We know from extensive experience and a large and growing body of research looking at published scientific data itself that claims based on anecdotes, basic science, and preliminary or weak clinical evidence alone have a very poor track record of panning out when rigorous definitive clinical trials are ultimately done (most such claims will prove to be wrong).

Keep in mind, I am not saying that WBC cannot work (it’s not homeopathy), or even that it does not work. I am not “poo pooing” or “dismissing” WBC as Rogan seems to think. What I am doing is consistently applying a very carefully thought out and well-researched standard of clinical evidence to all clinical claims (a standard that I coined the term “science-based medicine” to represent).

Rogan and Patrick were unable to counter my assessment of the clinical evidence. They were unable to present clinical evidence I neglected. Instead they essentially argued for a lowering of the standard (sound familiar?), including the four strategies I listed above.
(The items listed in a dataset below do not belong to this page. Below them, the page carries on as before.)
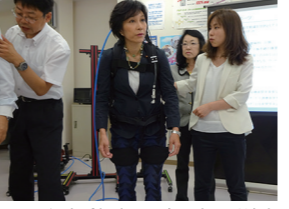
8/5 経産委視察 国立研究開発法人日本医療研究開発機構AMED(千代田区)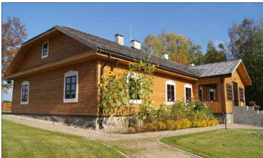
■ W Borejkowszczyźnie poeta mieszkał z przerwami przez 9 lat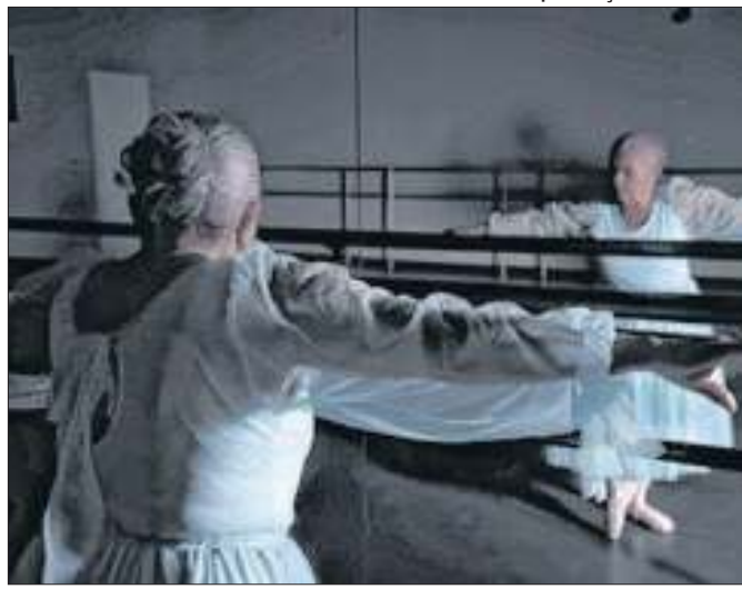
Na melhor idade, ela decidiu realizar sonhos antigos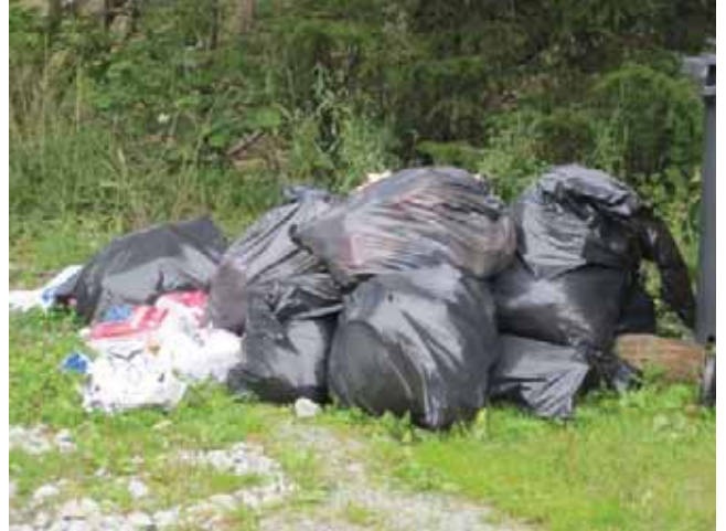
Renovatørene er ikke forpliktet til å fjerne svarte bossekker som er satt ved siden av spannene.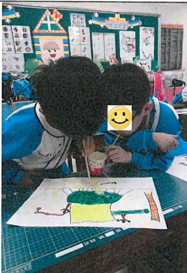
利用彩色泡泡水作畫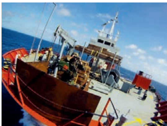
Beveiliging tegen piraten aan boord van koopvaardijship

Om zeer kwetsbare en grote Nederlandse zeetransporten te beschermen tegen Somalische piraten, zijn ook dit jaar Vessel Protection Detachments ingezet op de gevaarlijkste delen van de routes. Daarnaast beschermden Autonomous Vessel Protection Detachments van eind januari tot eind oktober 2012 de voedseltransporten van het World Food Program .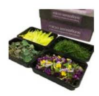
VE199 4 vaschette The possibilities box mix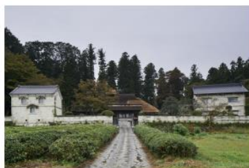
石山を背景に石蔵を構えるかつての採石業者の屋敷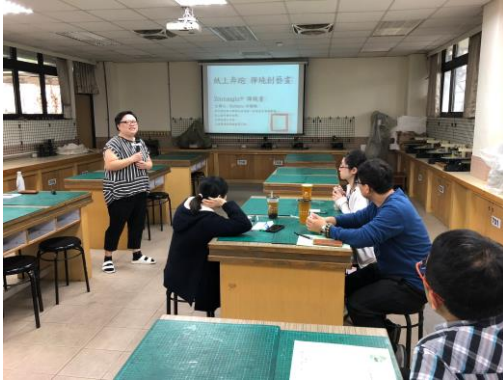
講師講解禪繞紆壓畫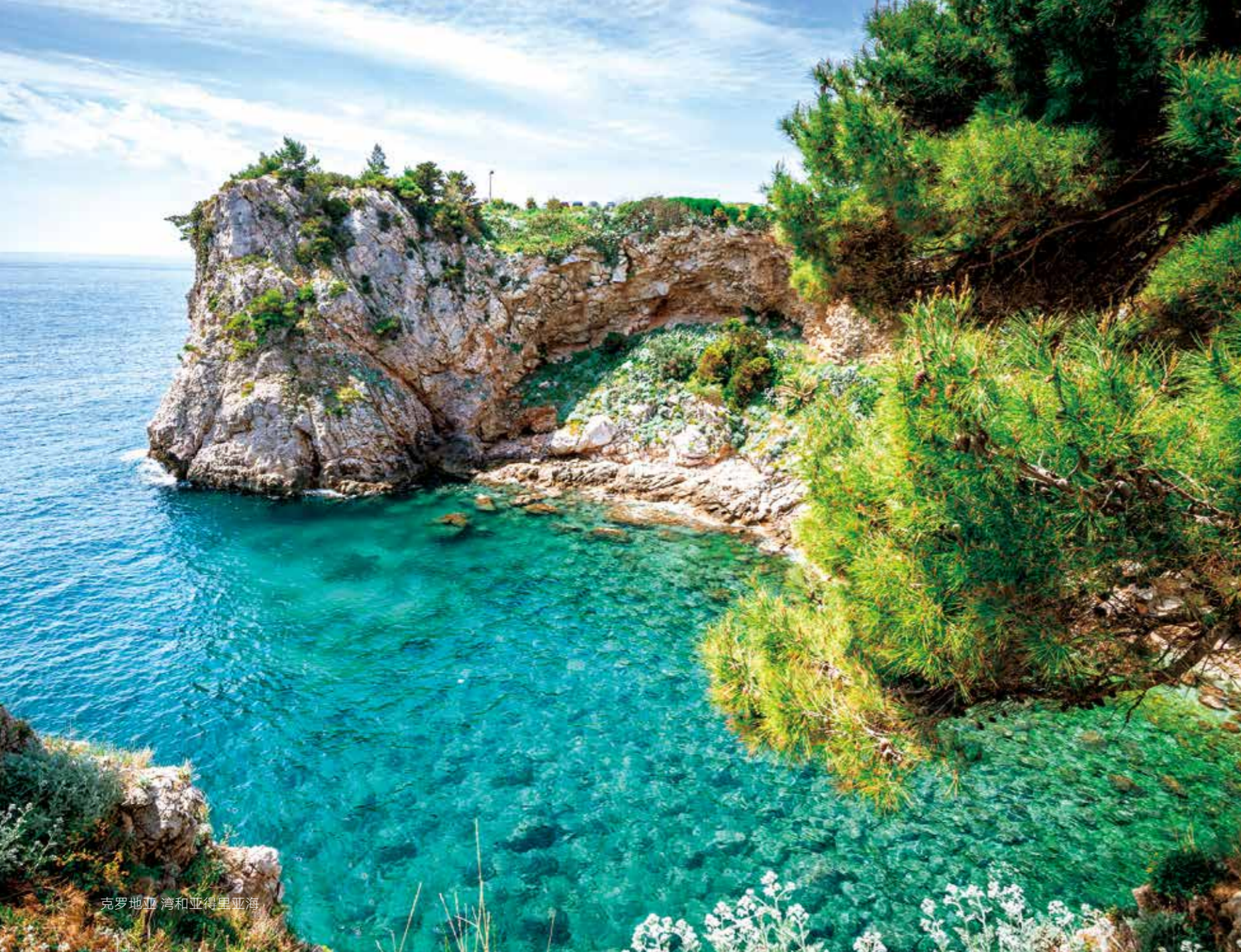
克罗地亚 湾和亚得里亚海

If they are going to legitimately disagree with where I set the threshold for reasonable clinical evidence, then they have to make that case, which they failed to do (and barely even addressed). I’m not saying they have to read the over 3,000 articles we have collectively published here and at SBM, that would not be fair. But they should have at least a minimal familiarity with our position.
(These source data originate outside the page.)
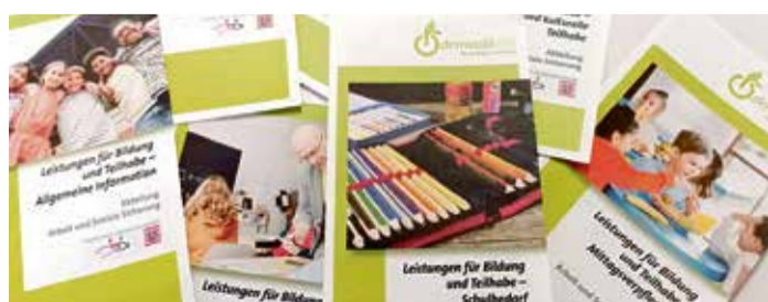
Finanzielle Unterstützung aus dem Bildungs- und Teilhabepaket: Familien mit schulpflichtigen Kindern erhalten im Februar Geld für Schulmaterial.

Anfragen für den Bereich „Kinderzuschlag und Wohngeld“ erfolgen bitte an butwohngeld@odenwaldkreis.de . red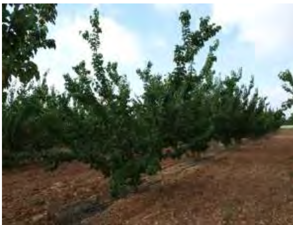
Albaricoqueros tardíos en finca Las Nogueras.

El cultivo del albaricoquero tiene una zona de desarrollo restringida, principalmente por el frío, aunque es capaz de soportar el frío invernal, sus yemas, flores y frutos son sensibles a éste, factor que limita su cultivo en zonas templadas o frías como el noroeste murciano, donde se cultivan variedades de recolección medio-tardías para evitar los daños de heladas y sacar producciones fuera del periodo de comercialización de la mayor parte de la Región.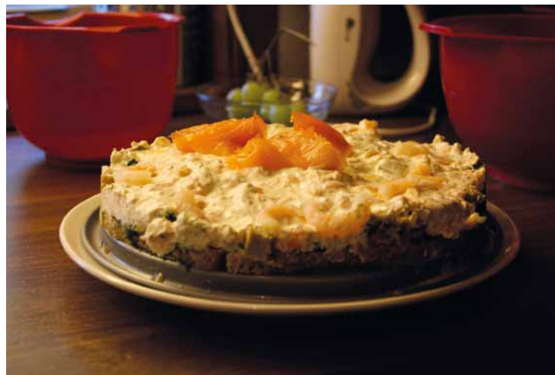
Ekstra bonus: En lakselagkage min mor lavede. Hendes første (og måske eneste) lakselagkage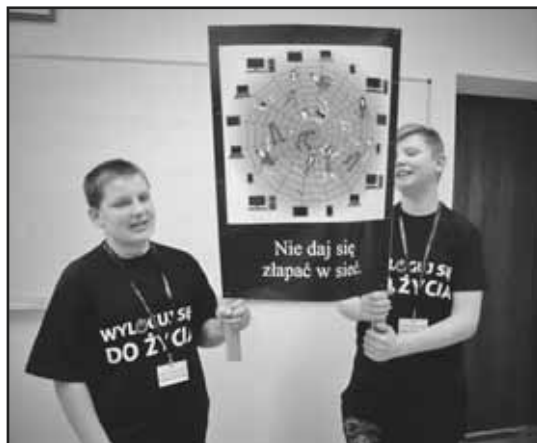
> Internet to nie wszystko...

They could start by reading:

Evidence Thresholds

Registering Studies Reduces Positive Outcomes

About SBM

I am always willing to have a conversation about the nature of clinical evidence, how to properly evaluate it, and how we know if a treatment is truly effective. Understanding patterns in the clinical research is complex, and I don’t expect non-experts to understand all the nuances. I do expect, however, that if they wish to express a public opinion on the matter they will fairly engage with the issue and not resort to long-countered fallacious arguments.